[Excerpts from a dataset]

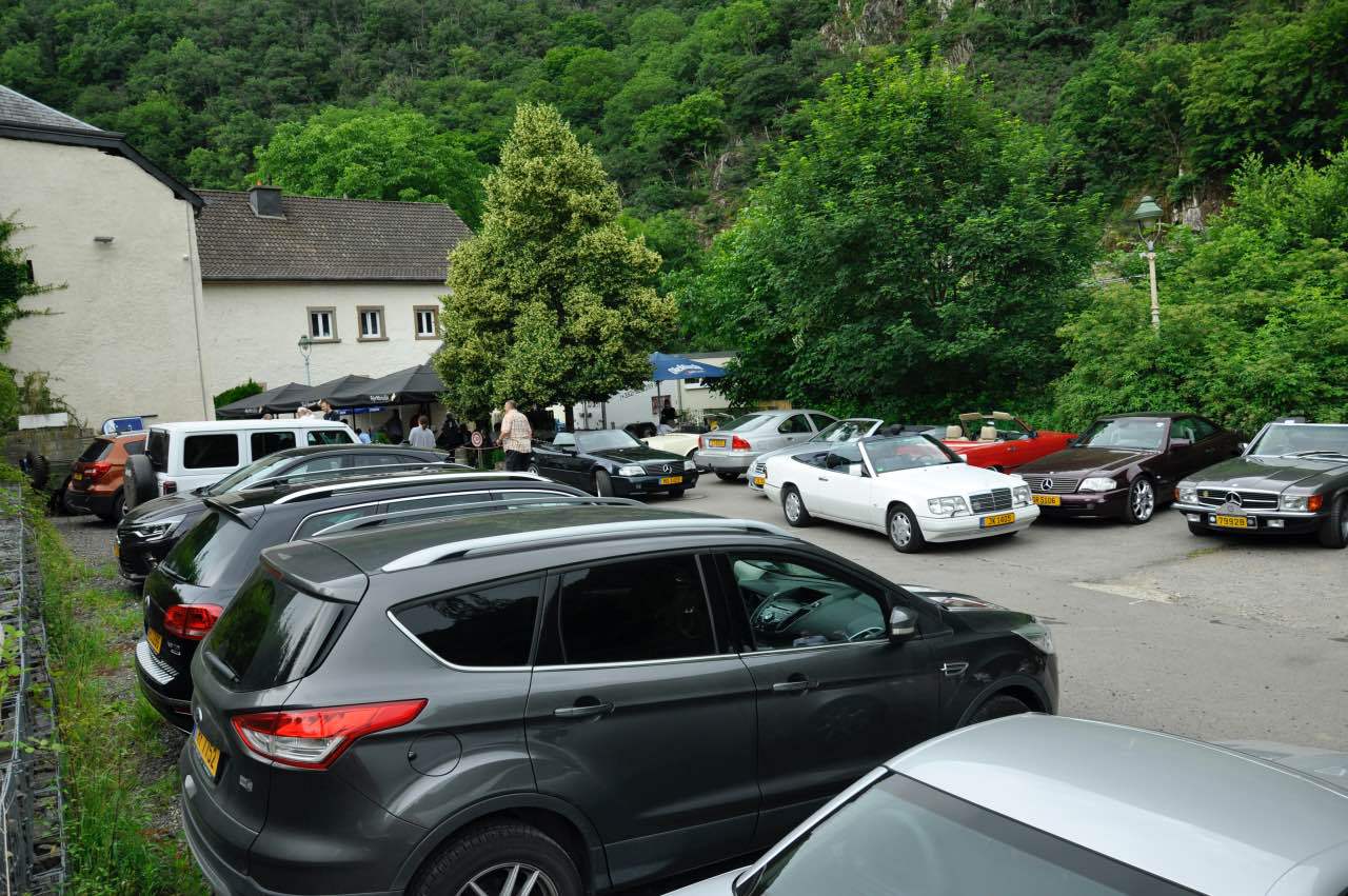 der Schwimmer im Tank war hängen ge- blieben und gaukelte dem nichts ahnenden Fahrer einen immer vollen Tank vor. Ein von einem anderen Teilnehmer herbeigezauber- ter Kanister mit Treibstoff und helfende Hände beim Entlüften der Leitungen brachten die Fuhre dann wieder schnell ans Laufen – zu- erst aber nur bis zur 5 km entfernten Tank- stelle, bevor die Fahrt nach Bourscheid weiterging, wo eine Kaffeepause in der Brasserie du Vieux Moulin eingelegt wurde.
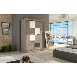 Moderní a elegantní design skříně osloví i náročné zákazníky. Eleganci podtrhují dlouhé stříbrné úchyty a moderní nádech dodávají zrcadla, která jsou nalepena na dveřích skříně. Je vyrobena z lamina o síle 16 mm a hrany jsou ukončeny ABS lištou. Vodící lišty jsou vyrobeny z odolného hliníku a splňují požadavky pro každodenní užívání. Díky svému uspořádání poskytuje dostatek úložného prostoru. Skvěle se hodí do ložnice, předsíně, dětského, nebo studentského pokoje. Skříň je dodávána v demontu a součástí je montážní plánek včetně všech potřebných spojovacích materiálů. Vyobrazené dekorace nejsou v ceně.
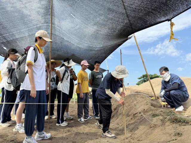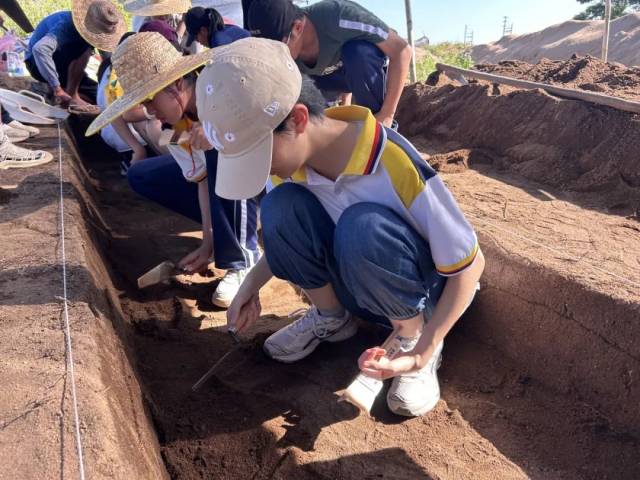 考古布方与发掘考验着同学们的耐力与体力!同学们在考古布方实践中,亲手拉线、定点、打下铁钉,在遗址上划分出属于自己的“探沟”。随后,考古发掘实践将专注力提升到极致,观察探沟地层,画出地层线,手持小巧的手铲、毛刷,在老师们的指导下屏息凝神地进行精细化清理。“当我清理陶片时感到无比的兴奋与自豪,这不仅是一块陶片,还是千年前的信息,是无数劳动人民的智慧结晶,是源远流长的中华文明的一部分。”江门一中的关炜琦同学感叹道。
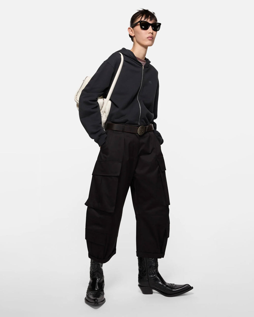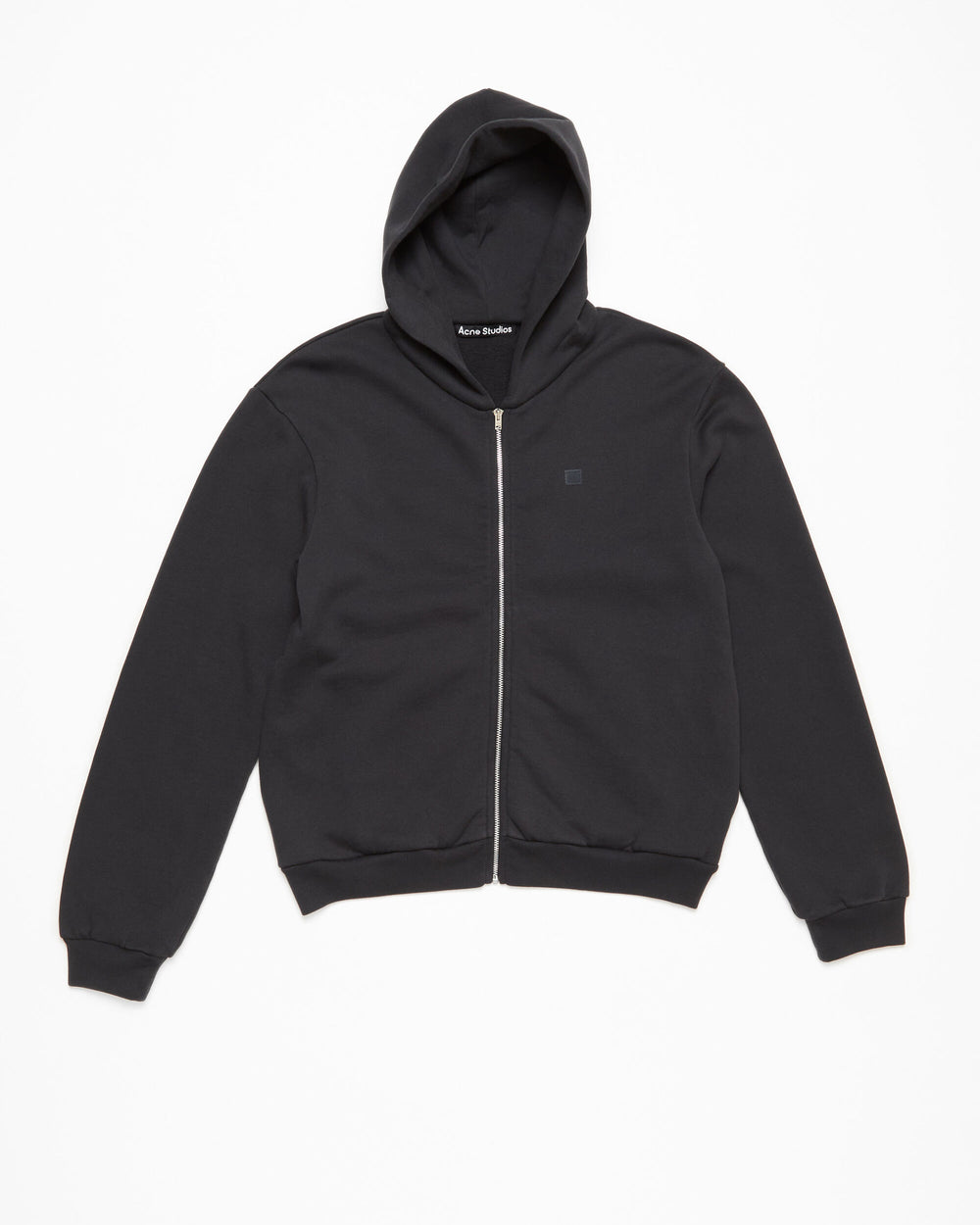 Slim fit unisex hoodie, cut from soft brushed fleece cotton. Featuring a hood, zip up front, ribbed cuffs and hem, and finished with a signature embroidered Face logo patch on chest.
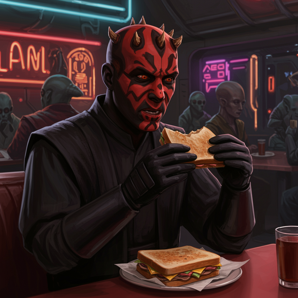 Darth Maul enjoying a hearty sandwich in a futuristic sci-fi diner, surrounded by neon lights and alien patrons, his expression a mix of focused determination and subtle satisfaction as he savors each bite.

Work to be completed = The entries above need to be repeated in full, word for word. Skip the images.

Task response =
 der Schwimmer im Tank war hängen ge- blieben und gaukelte dem nichts ahnenden Fahrer einen immer vollen Tank vor. Ein von einem anderen Teilnehmer herbeigezauber- ter Kanister mit Treibstoff und helfende Hände beim Entlüften der Leitungen brachten die Fuhre dann wieder schnell ans Laufen – zu- erst aber nur bis zur 5 km entfernten Tank- stelle, bevor die Fahrt nach Bourscheid weiterging, wo eine Kaffeepause in der Brasserie du Vieux Moulin eingelegt wurde.
 Moderní a elegantní design skříně osloví i náročné zákazníky. Eleganci podtrhují dlouhé stříbrné úchyty a moderní nádech dodávají zrcadla, která jsou nalepena na dveřích skříně. Je vyrobena z lamina o síle 16 mm a hrany jsou ukončeny ABS lištou. Vodící lišty jsou vyrobeny z odolného hliníku a splňují požadavky pro každodenní užívání. Díky svému uspořádání poskytuje dostatek úložného prostoru. Skvěle se hodí do ložnice, předsíně, dětského, nebo studentského pokoje. Skříň je dodávána v demontu a součástí je montážní plánek včetně všech potřebných spojovacích materiálů. Vyobrazené dekorace nejsou v ceně.
 考古布方与发掘考验着同学们的耐力与体力!同学们在考古布方实践中,亲手拉线、定点、打下铁钉,在遗址上划分出属于自己的“探沟”。随后,考古发掘实践将专注力提升到极致,观察探沟地层,画出地层线,手持小巧的手铲、毛刷,在老师们的指导下屏息凝神地进行精细化清理。“当我清理陶片时感到无比的兴奋与自豪,这不仅是一块陶片,还是千年前的信息,是无数劳动人民的智慧结晶,是源远流长的中华文明的一部分。”江门一中的关炜琦同学感叹道。
 Slim fit unisex hoodie, cut from soft brushed fleece cotton. Featuring a hood, zip up front, ribbed cuffs and hem, and finished with a signature embroidered Face logo patch on chest.
 Darth Maul enjoying a hearty sandwich in a futuristic sci-fi diner, surrounded by neon lights and alien patrons, his expression a mix of focused determination and subtle satisfaction as he savors each bite.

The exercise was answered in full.